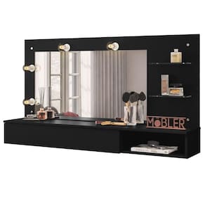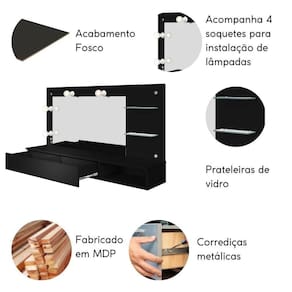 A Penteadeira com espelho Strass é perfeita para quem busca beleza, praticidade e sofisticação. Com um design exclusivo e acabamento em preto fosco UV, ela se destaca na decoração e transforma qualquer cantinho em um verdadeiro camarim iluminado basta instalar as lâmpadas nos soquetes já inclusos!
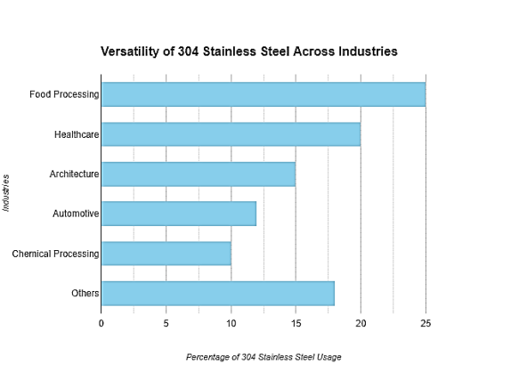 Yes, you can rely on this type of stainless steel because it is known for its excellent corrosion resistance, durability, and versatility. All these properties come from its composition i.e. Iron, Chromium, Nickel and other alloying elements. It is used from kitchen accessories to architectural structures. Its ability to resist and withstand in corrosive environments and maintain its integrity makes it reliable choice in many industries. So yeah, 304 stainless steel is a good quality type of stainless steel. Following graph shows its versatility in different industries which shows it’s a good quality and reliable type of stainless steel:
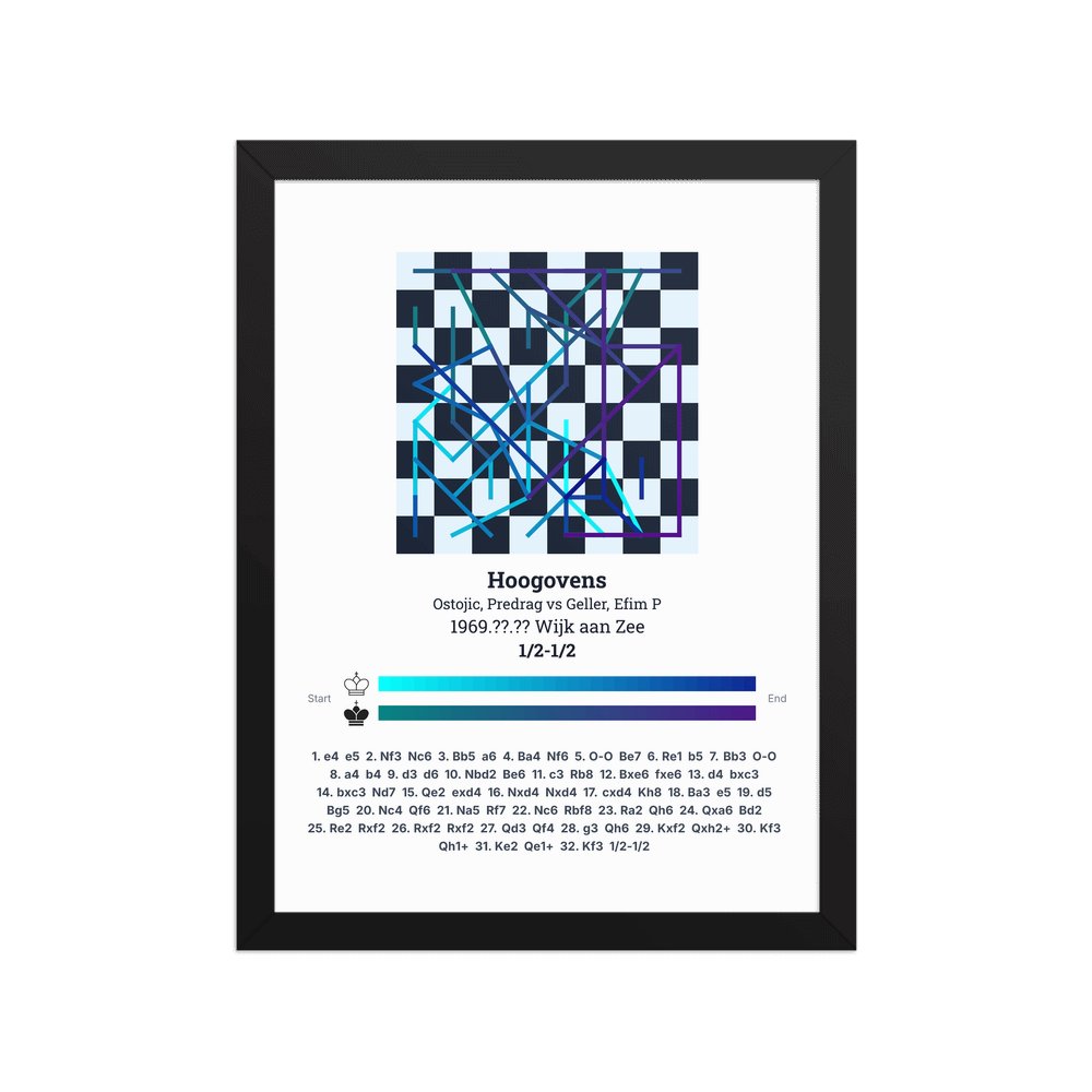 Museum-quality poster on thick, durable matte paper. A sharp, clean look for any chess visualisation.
=====
### Problem:
Images are to be omitted; repeat the remaining data above exactly.

### Solution for this task:
 A Penteadeira com espelho Strass é perfeita para quem busca beleza, praticidade e sofisticação. Com um design exclusivo e acabamento em preto fosco UV, ela se destaca na decoração e transforma qualquer cantinho em um verdadeiro camarim iluminado basta instalar as lâmpadas nos soquetes já inclusos!
 Yes, you can rely on this type of stainless steel because it is known for its excellent corrosion resistance, durability, and versatility. All these properties come from its composition i.e. Iron, Chromium, Nickel and other alloying elements. It is used from kitchen accessories to architectural structures. Its ability to resist and withstand in corrosive environments and maintain its integrity makes it reliable choice in many industries. So yeah, 304 stainless steel is a good quality type of stainless steel. Following graph shows its versatility in different industries which shows it’s a good quality and reliable type of stainless steel:
 Museum-quality poster on thick, durable matte paper. A sharp, clean look for any chess visualisation.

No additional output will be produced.